→ **Source data**
_____

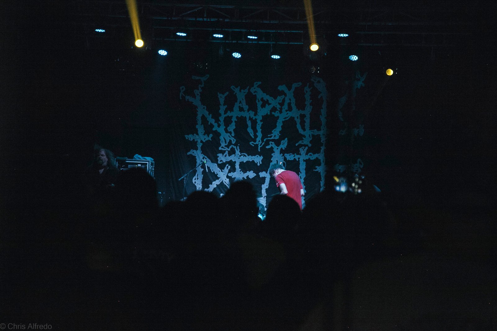 E finalmente após mais alguns giros da bola de neve de atrasos, com passada mais de uma hora do horário previsto, foi a vez dos pioneiros do Grind fazerem o que sabem de melhor, o pessoal que procurou se refrescar do lado de fora tece que voltar correndo ao ouvir as primeiras batidas do bumbo do baterista Danny Herrera. O vocalista Barney Greenway, demonstrou uma disposição incrível de um lado a outro do palco, se movimentando com fúria enquanto não despejava sua voz brutal em nossos tímpanos, diferente de sua voz nos intervalos entre as musicas, O guitarrista John Cooke foi bastante elogiado pelos fãns mais ferrenhos da banda, demonstrando muita habilidade e precisão, Assim como o baixista Shane Embury e seu estilo particular de conduzir seu instrumento.
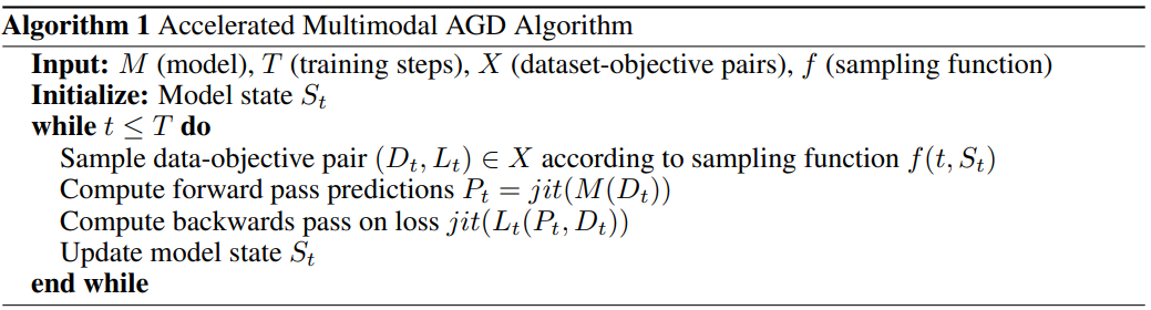 Multi-modal의 핵심 중 하나는 작업 확장성이다. 데이터와 손실 목표의 다른 조합은 교육 전반에 걸쳐 상호 교환 가능해야 하며, 새로운 데이터나 목표를 추가해도 메모리나 계산 오버헤드가 발생하지 않아야 한다.
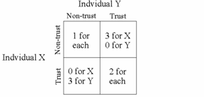 The prisoner's dilemma (see [39] and ) is an example of such a problem. The idea is that two people individually have to make a decision whether to trust the other. If neither trusts the other then they both get little benefit. If one trusts and the other does not then the person that does not trust receives all benefit. However if the two persons trust each other then they both get an average benefit. This is illustrated in Figure 15. Here the higher value the more benefit.
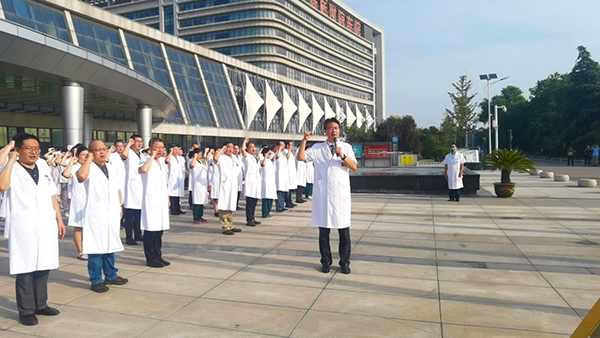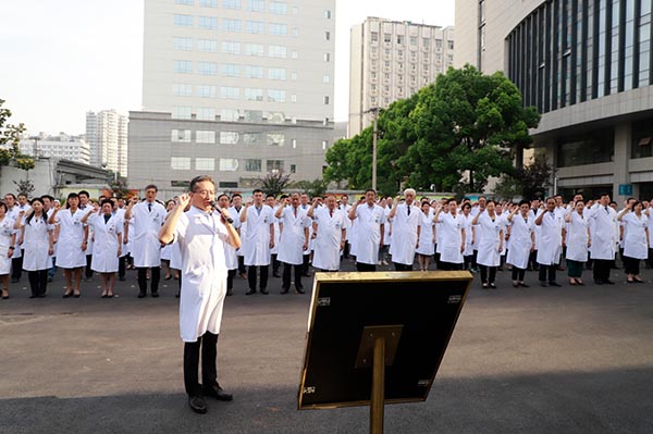 8月19日清晨,徐醫(yī)附院本部、東院同步舉行慶祝第五個(gè)“中國醫(yī)師節(jié)”升國旗和宣誓活動(dòng)。院長金培生在本部、副院長燕憲亮在東院,帶領(lǐng)醫(yī)務(wù)人員鄭重宣誓《中國醫(yī)師誓言》。“我宣誓:我志愿獻(xiàn)身人類的健康事業(yè)……”莊嚴(yán)的誓詞在耳邊響起,神圣的使命油然而生。日月輪回,斗轉(zhuǎn)星移,我們堅(jiān)守著醫(yī)乃仁術(shù)的真諦,我們踐行著醫(yī)者仁心的諾言……每一位在醫(yī)療領(lǐng)域深耕的醫(yī)務(wù)人員都應(yīng)得到最高的贊譽(yù)和尊敬。

_____

→ **Problem to solve**
Repeat each line above exactly as it reads, omitting any pictures.

→ **Exercise result**
 E finalmente após mais alguns giros da bola de neve de atrasos, com passada mais de uma hora do horário previsto, foi a vez dos pioneiros do Grind fazerem o que sabem de melhor, o pessoal que procurou se refrescar do lado de fora tece que voltar correndo ao ouvir as primeiras batidas do bumbo do baterista Danny Herrera. O vocalista Barney Greenway, demonstrou uma disposição incrível de um lado a outro do palco, se movimentando com fúria enquanto não despejava sua voz brutal em nossos tímpanos, diferente de sua voz nos intervalos entre as musicas, O guitarrista John Cooke foi bastante elogiado pelos fãns mais ferrenhos da banda, demonstrando muita habilidade e precisão, Assim como o baixista Shane Embury e seu estilo particular de conduzir seu instrumento.
 Multi-modal의 핵심 중 하나는 작업 확장성이다. 데이터와 손실 목표의 다른 조합은 교육 전반에 걸쳐 상호 교환 가능해야 하며, 새로운 데이터나 목표를 추가해도 메모리나 계산 오버헤드가 발생하지 않아야 한다.
 The prisoner's dilemma (see [39] and ) is an example of such a problem. The idea is that two people individually have to make a decision whether to trust the other. If neither trusts the other then they both get little benefit. If one trusts and the other does not then the person that does not trust receives all benefit. However if the two persons trust each other then they both get an average benefit. This is illustrated in Figure 15. Here the higher value the more benefit.
 8月19日清晨,徐醫(yī)附院本部、東院同步舉行慶祝第五個(gè)“中國醫(yī)師節(jié)”升國旗和宣誓活動(dòng)。院長金培生在本部、副院長燕憲亮在東院,帶領(lǐng)醫(yī)務(wù)人員鄭重宣誓《中國醫(yī)師誓言》。“我宣誓:我志愿獻(xiàn)身人類的健康事業(yè)……”莊嚴(yán)的誓詞在耳邊響起,神圣的使命油然而生。日月輪回,斗轉(zhuǎn)星移,我們堅(jiān)守著醫(yī)乃仁術(shù)的真諦,我們踐行著醫(yī)者仁心的諾言……每一位在醫(yī)療領(lǐng)域深耕的醫(yī)務(wù)人員都應(yīng)得到最高的贊譽(yù)和尊敬。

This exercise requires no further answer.